Emerson started to have conversations last year with its largest 50 suppliers in a number of sectors like steel, plastics and electronics. A major challenge, Train says, is that most of its suppliers are not listed companies but typically small and privately held firms.
“Nobody has been against it [the requests for emissions data], but they don’t know the how,” is how Train, perhaps unsurprisingly, characterises the response from his suppliers. “We’re still learning and we’re going to learn together.”
But US corporates generally – and particularly smaller, less well-resourced firms – are not keen to shoulder a greater disclosure burden, even if it is being demanded by larger companies and investors.
Nonetheless, Emerson is working with suppliers to develop joint sustainability roadmaps and has made clear that it expects numbers from them in the next year so it can proceed with its Scope 3 plans.
While Train says he wants to give them “time to absorb this”, the stick is coming for those that do not get on board. “If suppliers come back [to us] and say that they are not interested, then we’re going to find a different supplier,” he adds, declining to comment on what he thought the implications of the climate reporting proposals might be.
Share price pressure
Emissions cutting is now set to be an established theme for the engineering sector. “Decarbonisation is likely to remain the biggest topic for ESG and impact investors,” said Credit Suisse in a report in December last year.

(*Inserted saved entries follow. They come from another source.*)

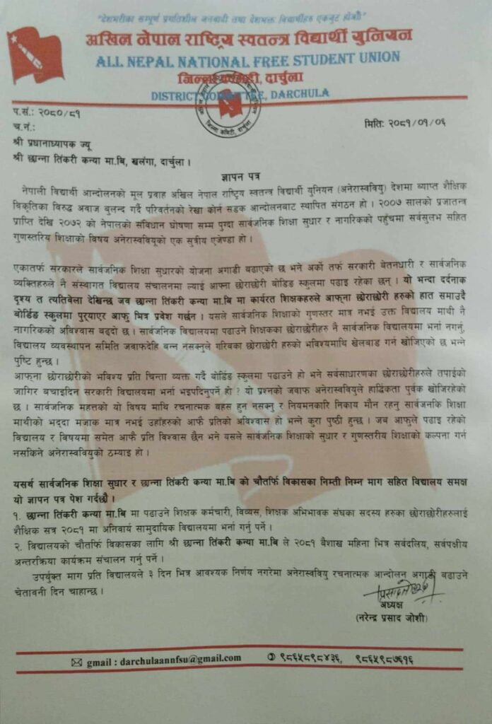 एमाले निकट अखिल नेपाल राष्ट्रिय स्वतन्त्र विद्यार्थी युनियन दार्चुलाले विद्यालयमा कार्यरत कर्मचारी, शिक्षक, विद्यालय व्यवस्थापन समिति र अभिभावक संघका सदस्यहरुले आफ्ना छोराछोरी सोही विद्यालयमा भर्ना गर्न माग गरेको छ । अनेरास्ववियुले बिहीबार सदरमुकाम खलंगास्थित महेन्द्र नमूना मावि खलंगा र छन्नातिंकरी कन्या माविलाई ज्ञापन पत्र बुझाउँदै यस्तो माग गरेको हो ।
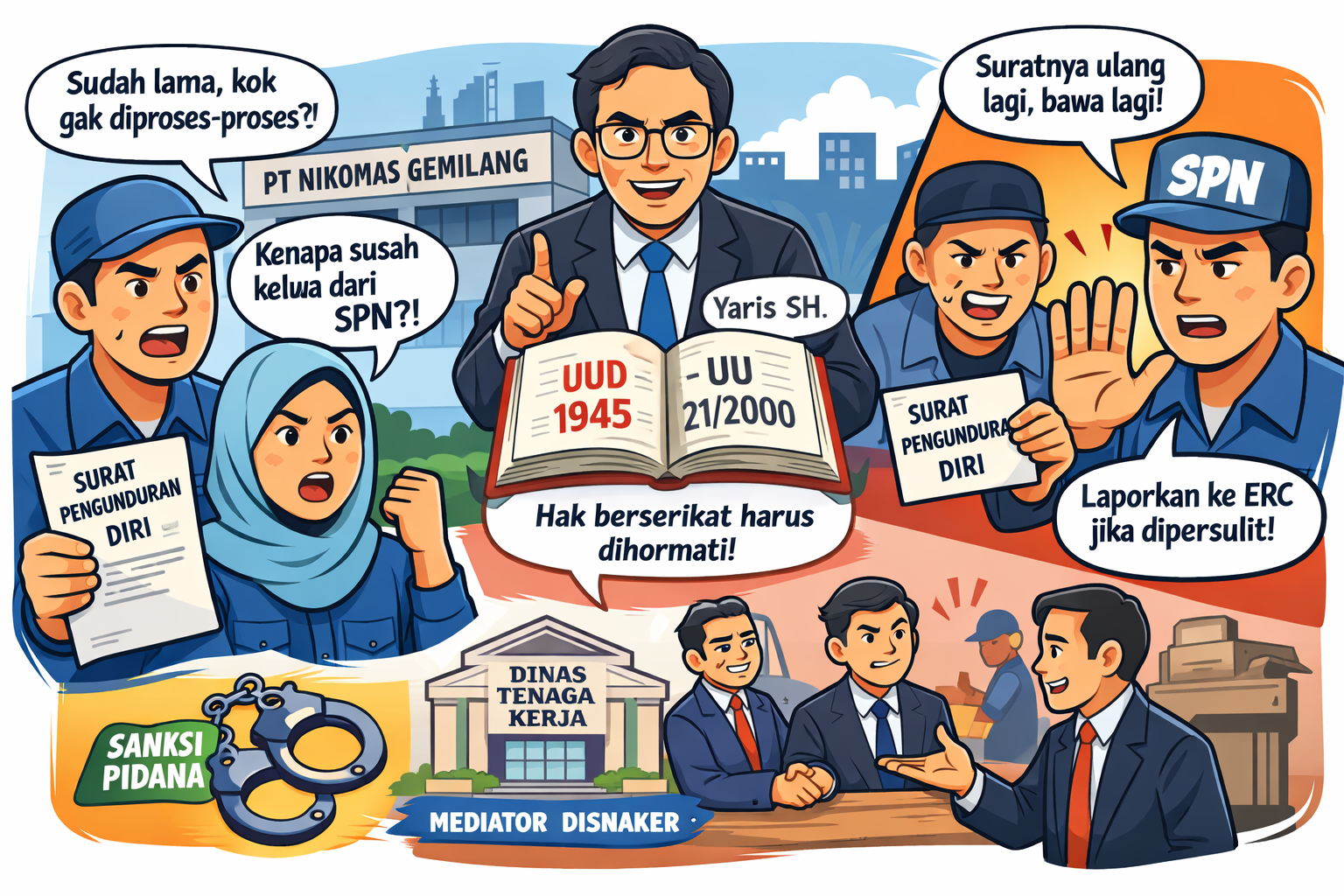 Proses yang dinilai berlarut-larut tanpa kejelasan itu memicu dugaan adanya praktik yang mempersulit hak pekerja untuk keluar dari organisasi, meski hal tersebut telah dijamin dalam peraturan perundang-undangan.
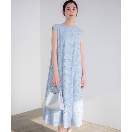 ■デザイン・オリジナルのアイレット刺繍を組み合わせた、大人上品なワンピース。・裾に配置した幅広のパネルレースが全体のアクセントに。・体から離れるAラインシルエットで、軽やかに着用いただけるバランスに仕上げました。・腕を主張しすぎないノースリーブラインと、脇下が開きすぎない設計もこだわりのポイント。・共布リボン付きなので後ろで結んで、ウエストマークするアレンジも可能です。
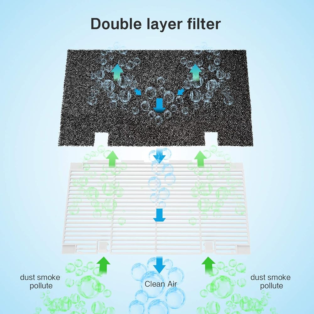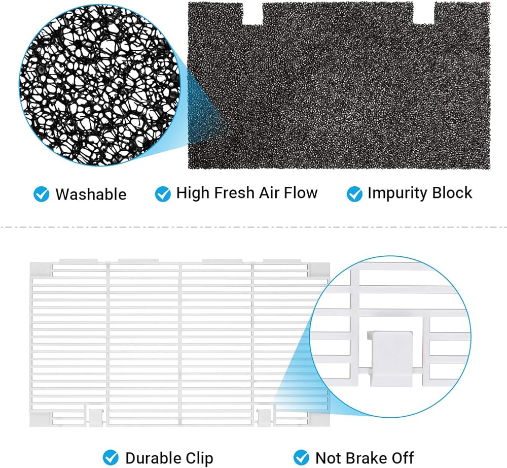 • [سهلة التنظيف] قم بفك الشبكة لأسفل ونظفها بالماء وفرشاة ناعمة. اشطف المرشحات القابلة للغسل والقابلة لإعادة الاستخدام عدة مرات.
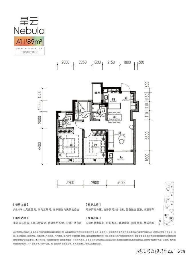 带独立玄关收纳,南边套房主卧带走入式衣帽间+独立卫浴+飘窗,南向约6.4米面宽,带阳台,U型厨房带大开窗,餐客厅一体带约5.8米超长飘窗……该户型更具有生命力。
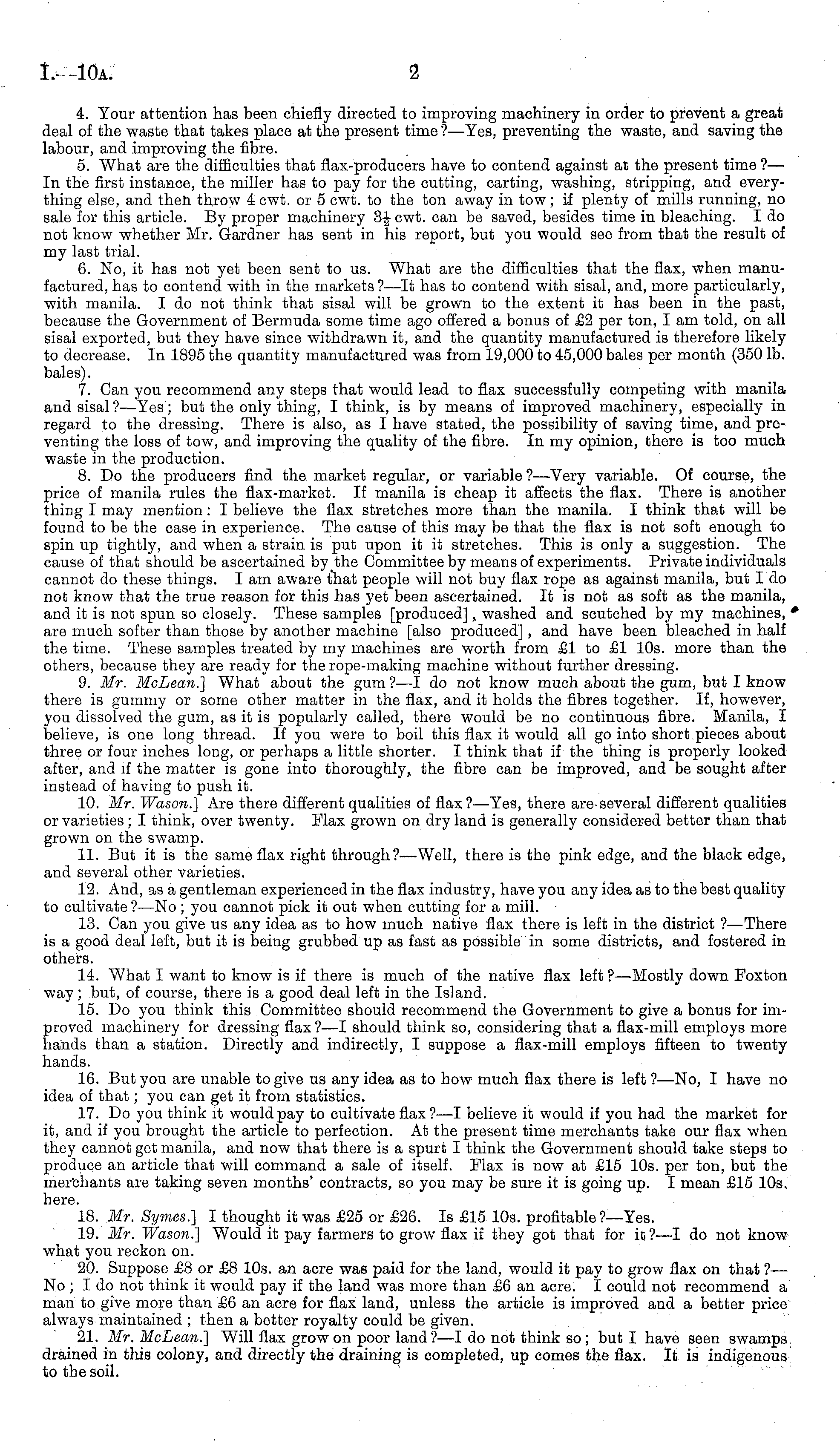 4. Your attention has been chiefly directed to improving machinery in order to prevent a great deal of the waste that takes place at the present time ?—Yes, preventing the waste, and saving the labour, and improving the fibre. 5. What are the difficulties that flax-producers have to contend against at the present time ?— In the first instance, the miller has to pay for the cutting, carting, washing, stripping, and everything else, and then throw 4 cwt. or 5 cwt. to the ton away in tow; if plenty of mills running, no sale for this article. By proper machinery 3-| cwt. can be saved, besides time in bleaching. Ido not know whether Mr. Gardner has sent in his report, but you would see from that the result of my last trial. 6. No, it has not yet been sent to us. What are the difficulties that the flax, when manufactured, has to contend with in the markets?—lt has to contend with sisal, and, more particularly, with manila. I do not think that sisal will be grown to the extent it has been in the past, because the Government of Bermuda some time ago offered a bonus of £2 per ton, I am told, on all sisal exported, but they have since withdrawn it, and the quantity manufactured is therefore likely to decrease. In 1895 the quantity manufactured was from 19,000 to 45,000 bales per month (350 lb. bales). 7. Can you recommend any steps that would lead to flax successfully competing with manila and sisal ?—Yes; but the only thing, I think, is by means of improved machinery, especially in regard to the dressing. There is also, as I have stated, the possibility of saving time, and preventing the loss of tow, and improving the quality of the fibre. In my opinion, there is too much waste in the production. 8. Do the producers find the market regular, or variable ?—Very variable. Of course, the price of manila rules the flax-market. If manila is cheap it affects the flax. There is another thing I may mention: I believe the flax stretches more than the manila. I think that will be found to be the case in experience. The cause of this may be that the flax is not soft enough to spin up tightly, and when a strain is put upon it it stretches. This is only a suggestion. The cause of that should be ascertained bythe Committee by means of experiments. Private individuals cannot do these things. lam aware that people will not buy flax rope as against manila, but Ido not know that the true reason for this has yet been ascertained. It is not as soft as the manila, and it is not spun so closely. These samples [produced],, washed and scutched by my machines, * are much softer than those by another machine [also produced] , and have been bleached in half the time. These samples treated by my machines are worth from £1 to £1 10s. more than the others, because they are ready for the rope-making machine without further dressing. 9. Mr. McLean.] What about the gum ?—I do not know much about the gum, but I know there is gummy or some other matter in the flax, and it holds the fibres together. If, however, you dissolved the gum, as it is popularly called, there would be no continuous fibre. Manila, I believe, is one long thread. If you were to boil this flax it would all go into short pieces about three or four inches long, or perhaps a little shorter. I think that if the thing is properly looked after, and if the matter is gone into thoroughly, the fibre can be improved, and be sought after instead of having to push it. 10. Mr. Wason.] Are there different qualities of flax?— Yes, there are-several different qualities or varieties; I think, over twenty. Flax grown on dryland is generally considered better than that grown on the swamp. 11. But it is the same flax right through?— Well, there is the pink edge, and the black edge, and several other varieties. 12. And, as a gentleman experienced in the flax industry, have you any idea as to the best quality to cultivate ? —No ; you cannot pick it out when cutting for a mill. 13. Can you give us any idea as to how much native flax there is left in the district ?—There is a good deal left, but it is being grubbed up as fast as possible in some districts, and fostered in others. 14. What I want to know is if there is much of the native flax left ?—Mostly down Foxton way; but, of course, there is a good deal left in the Island. 15. Do you think this Committee should recommend the Government to give a bonus for improved machinery for dressing flax ?—I should think so, considering that a flax-mill employs more hands than a station. Directly and indirectly, I suppose a flax-mill employs fifteen to twenty hands. 16. But you are unable to give us any idea as to how much flax there is left ?—No, I have no idea of that; you can get it from statistics. 17. Do you think it would pay to cultivate flax ? —I believe it would if you had the market for it, and if you brought the article to perfection. At the present time merchants take our flax when they cannot get manila, and now that there is a spurt I think the Government should take steps to produce an article that will command a sale of itself. Flax is now at £15 10s. per ton, but the merchants are taking seven months' contracts, so you may be sure it is going up. I mean £15 10s. here. 18. Mr. Symes.] I thought it was £25 or £26. Is £15 10s. profitable?— Yes. 19. Mr. Wason.] Would it pay farmers to grow flax if they got that for it ?—I do not know what you reckon on. 20. Suppose £8 or £8 10s. an acre was paid for the land, would it pay to grow flax on that ? — No ; Ido not think it would pay if the land was more than £6 an acre. I could not recommend a man to give more than £6 an acre for flax land, unless the article is improved and a better price always maintained ; then a better royalty could be given. 21. Mr. McLean.] Will flax grow on poor land?—l do not think so; but I have seen swamps drained in this colony, and directly the draining is completed, up comes the flax. It is indigenous to the

A challenge for Emerson and its rivals, however, is that their valuations have been under pressure. Shares in Emerson are down 14.2% over the past 12 months, while those of Siemens have fallen 20% and Schneider Electric is off by 9.7%. That is against a backdrop of broad market falls: the S&P 500 has fallen 4.1% over the past 12 months. That said, Emerson’s stock price since the announcement of its net-zero target in June has moved marginally higher.
Still, it is hard to draw a direct connection between an emphasis on sustainability and share price moves, at least in the short term. These companies have also been under significant pressure from the market environment created by Russia’s invasion of Ukraine, inflationary pressures and lingering Covid-19 and supply chain issues.

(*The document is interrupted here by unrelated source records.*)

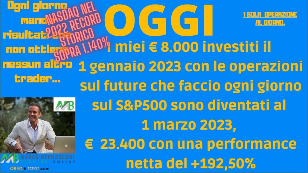 Performance record sui futures: +164,89% con Marco Bernasconi Trading
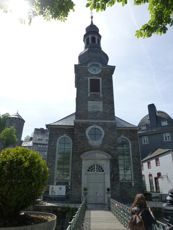 The aroma of freshly baked waffles separated us from the group. Located 2 km from the Belgian border, Monchau had managed to absorb and even perfect the recipes of its neighbors and offered some of the tastiest waffles in the world. The pretty cafes on the banks of the river, on the other hand, offered tranquility preserved over the centuries. However, we could not sit still, attracted by the castle jutting out onto the hill. We past the stone church and continued along the cobbled, slightly steep winding street. It was not the climb, but the wonderful panorama that took our breath away.
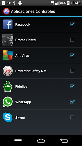 Se ha incluido una opción de menu para excluir aquellas aplicaciones que se consideren fiables.
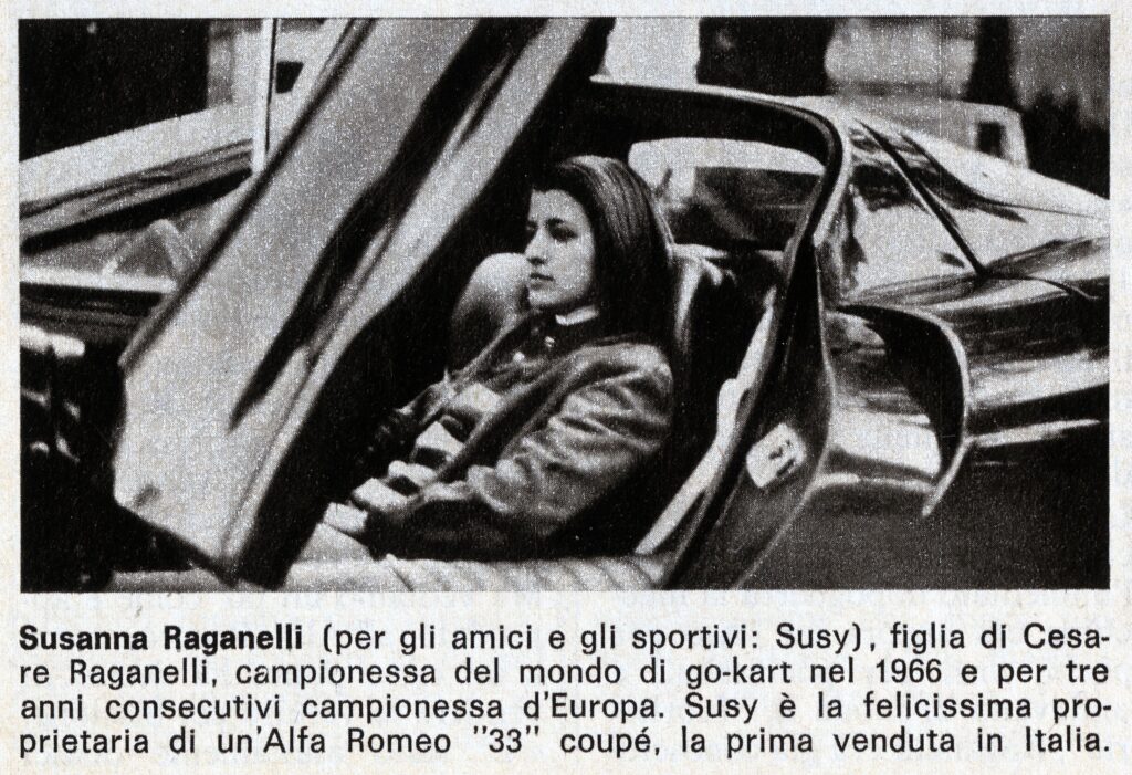 Forse l’unica donna a conquistare un campionato mondiale su quattro ruote fu la romana Susanna “Susy” Raganelli, che nel 1966 si aggiudicò il Campionato del Mondo di karting classe 100 cm3 sconfiggendo Leif Engstrom e il grande Ronnie Peterson. Raganelli legò per sempre il suo nome ad Alfa Romeo concludendo la sua carriera al volante di una GTA, ma fu anche la prima in Italia ad acquistare una leggendaria Alfa Romeo 33 Stradale del 1967, prodotta in appena 12 esemplari.

And even if companies are being rewarded by the market for making sustainability advances, “that level of applause isn’t going to continue ad infinitum”, says Eugene Klerk, global head of ESG research at Credit Suisse in London.
In any case, Emerson does not appear to be taking this path for praise or a short-term valuation boost. If more big businesses were willing to take similar action regardless of market or political sentiment, energy usage and greenhouse gas emissions might well fall a lot further and faster.